To identify the splicing factor in cancer development, we collected the AS events of 32 cancer types in the Cancer Genome Atlas (TCGA) (https://gdc.cancer.gov/about-data/publications/PanCanAtlas-Splicing-2018) [27]. This data set includes 336 961 exon skipping (ES) events, 135 988 alternative 5-splice sites (A5SS) events, 180 487 alternative 3′-splice sites (A3SS) events, 939 606 mutually exclusive exons (MXE) events, and 122 246 intron retention (IR) events. The gene expression data and clinical information were downloaded from Broad Institute GDAC Firehose (http://gdac.broadinstitute.org/) [28].

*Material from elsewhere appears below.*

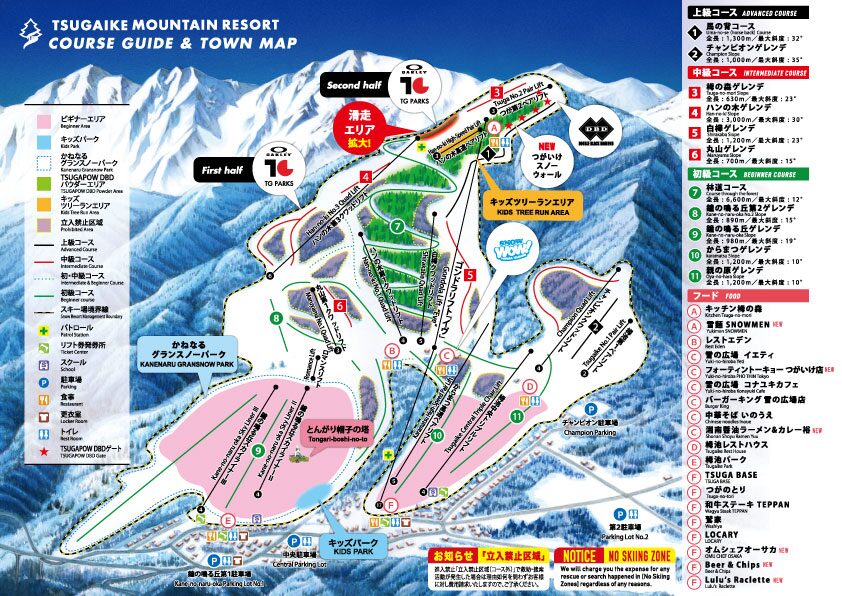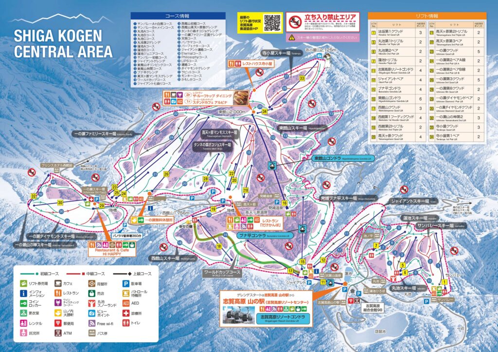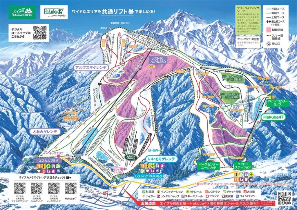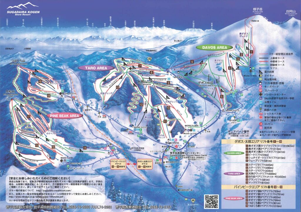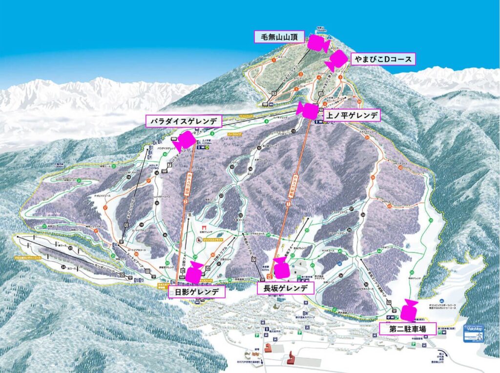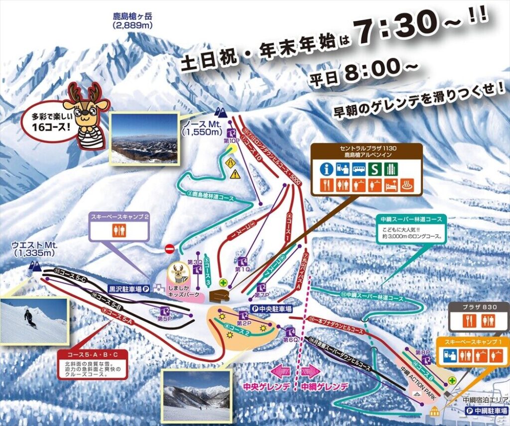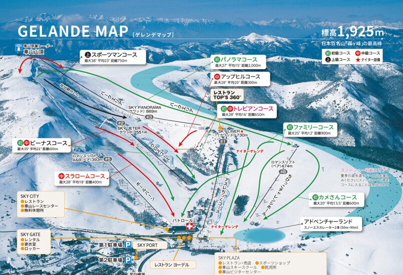 北アルプス・上信越高原などの山岳地帯に位置し、山頂と麓の高低差を活かしたコース設計が可能。 - 1本で麓まで滑れるレイアウトが多い

Identifying the differential AS events and differential RBPs between cancer and normal tissues

For each cancer type, we first selected the AS events that were detected in 80% of patients and required a minimum of five normal tissues for inclusion. This stringent criterion allowed us to focus on robust AS events that were consistently observed across a significant portion of the patient population. A total of 17 different cancers met these criteria and were chosen for further investigation. Then, to study the differential alternative splicing events, we performed the Wilcoxon test and used the Benjamini-Hochberg false discovery rate (FDR) for multiple testing corrections based on percent spliced-in (PSIs) values between tumor and matched normal samples in each cancer type(|ΔPSI| > 0.1 and p.adjusted < 0.05). The previous study on the census of human RNA-binding proteins defined about 1500 genes that encode RBPs [29]. To identify differentially expressed RBPs, the Wilcoxon test and multiple testing corrections were also performed based on the expression of RBPs between tumor and matched normal samples in each cancer type (|log2foldchange| > 1 and p.adjusted < 0.05).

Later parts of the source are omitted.